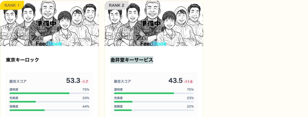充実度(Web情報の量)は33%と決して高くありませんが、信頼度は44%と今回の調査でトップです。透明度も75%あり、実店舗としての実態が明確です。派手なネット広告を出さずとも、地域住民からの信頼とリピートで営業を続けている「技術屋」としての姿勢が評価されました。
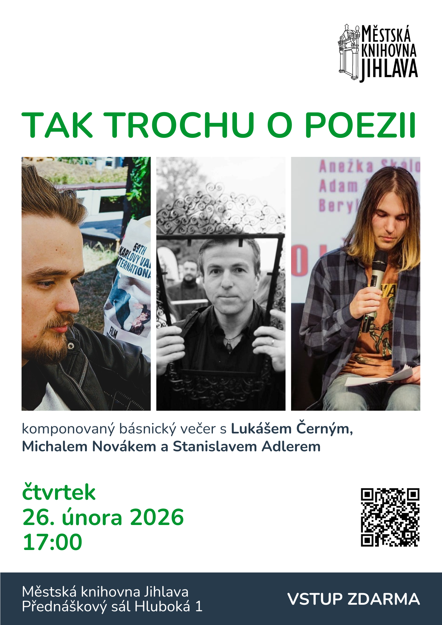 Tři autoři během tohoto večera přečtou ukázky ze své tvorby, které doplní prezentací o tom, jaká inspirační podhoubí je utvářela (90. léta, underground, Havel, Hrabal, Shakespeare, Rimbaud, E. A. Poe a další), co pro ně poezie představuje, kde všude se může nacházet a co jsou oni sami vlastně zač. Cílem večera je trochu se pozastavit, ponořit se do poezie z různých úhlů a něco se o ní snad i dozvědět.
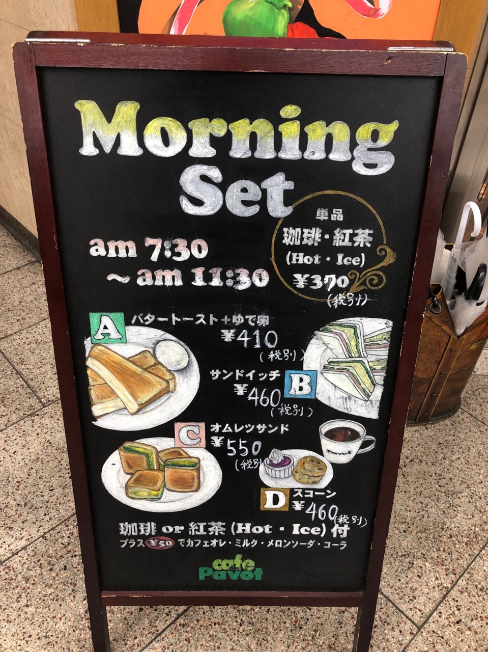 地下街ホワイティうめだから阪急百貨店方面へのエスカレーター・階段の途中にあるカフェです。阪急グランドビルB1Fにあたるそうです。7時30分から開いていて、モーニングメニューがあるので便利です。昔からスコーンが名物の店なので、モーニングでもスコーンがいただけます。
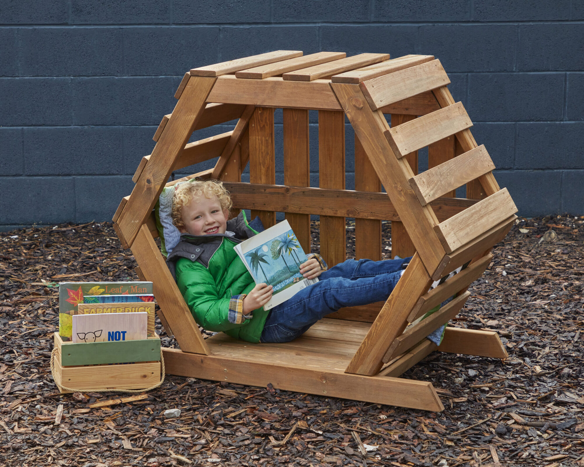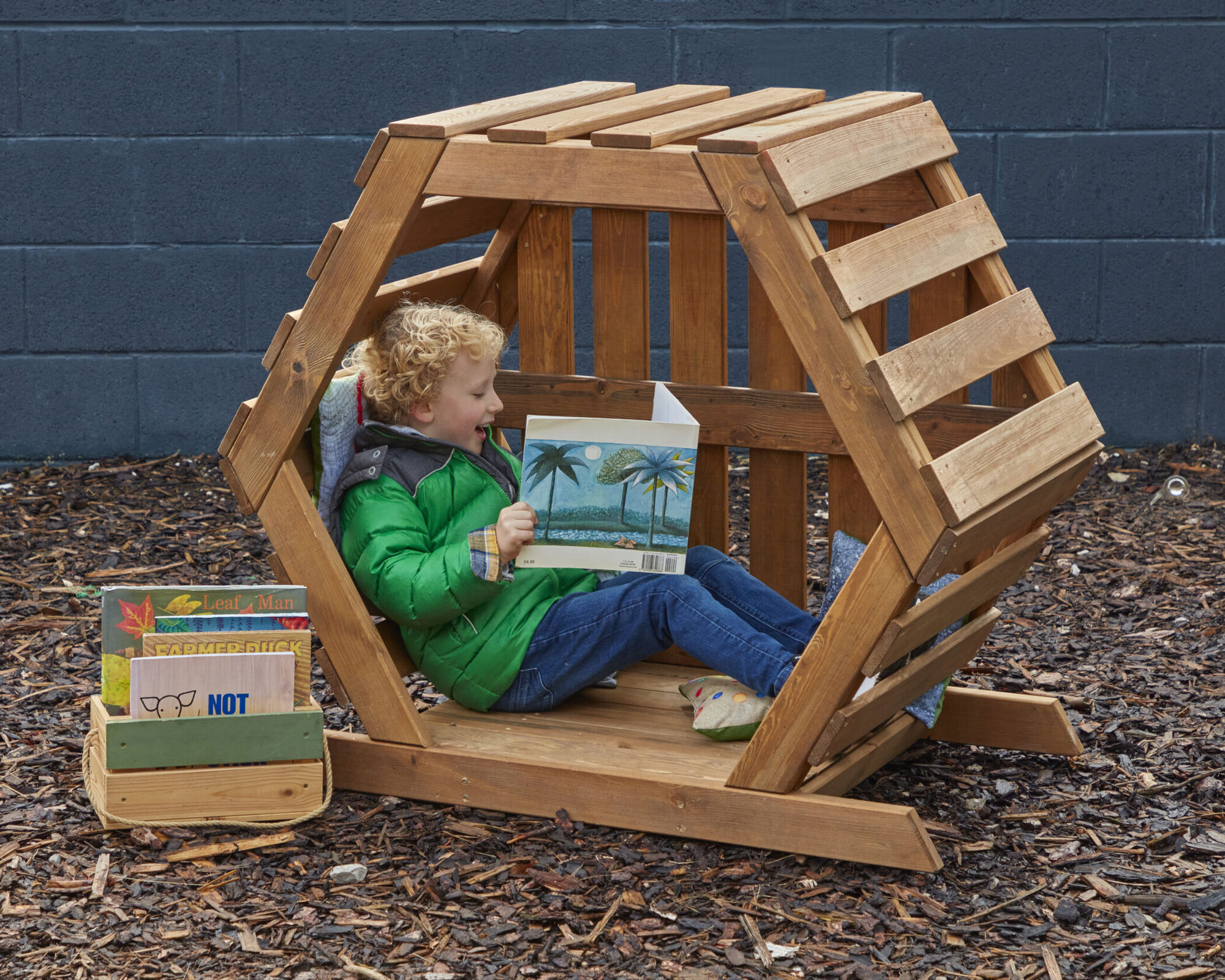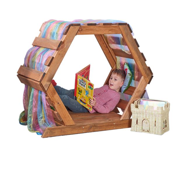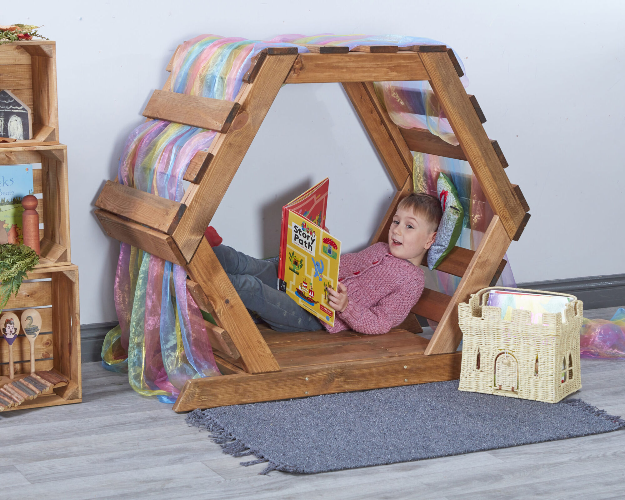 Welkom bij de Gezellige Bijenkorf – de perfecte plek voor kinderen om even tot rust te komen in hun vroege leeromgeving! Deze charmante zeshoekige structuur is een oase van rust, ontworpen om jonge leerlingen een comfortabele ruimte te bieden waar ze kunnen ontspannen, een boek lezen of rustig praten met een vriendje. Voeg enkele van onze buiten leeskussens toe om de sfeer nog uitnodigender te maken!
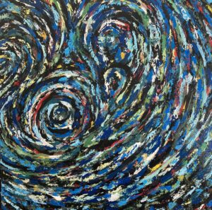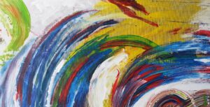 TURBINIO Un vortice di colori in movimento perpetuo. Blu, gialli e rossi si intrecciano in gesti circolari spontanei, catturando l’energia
══════
Only exact repeats of the lines from the one containing "Tři autoři během" through the end of the listing above are wanted here; pictures are not.

 Tři autoři během tohoto večera přečtou ukázky ze své tvorby, které doplní prezentací o tom, jaká inspirační podhoubí je utvářela (90. léta, underground, Havel, Hrabal, Shakespeare, Rimbaud, E. A. Poe a další), co pro ně poezie představuje, kde všude se může nacházet a co jsou oni sami vlastně zač. Cílem večera je trochu se pozastavit, ponořit se do poezie z různých úhlů a něco se o ní snad i dozvědět.
 地下街ホワイティうめだから阪急百貨店方面へのエスカレーター・階段の途中にあるカフェです。阪急グランドビルB1Fにあたるそうです。7時30分から開いていて、モーニングメニューがあるので便利です。昔からスコーンが名物の店なので、モーニングでもスコーンがいただけます。
 Welkom bij de Gezellige Bijenkorf – de perfecte plek voor kinderen om even tot rust te komen in hun vroege leeromgeving! Deze charmante zeshoekige structuur is een oase van rust, ontworpen om jonge leerlingen een comfortabele ruimte te bieden waar ze kunnen ontspannen, een boek lezen of rustig praten met een vriendje. Voeg enkele van onze buiten leeskussens toe om de sfeer nog uitnodigender te maken!
 TURBINIO Un vortice di colori in movimento perpetuo. Blu, gialli e rossi si intrecciano in gesti circolari spontanei, catturando l’energia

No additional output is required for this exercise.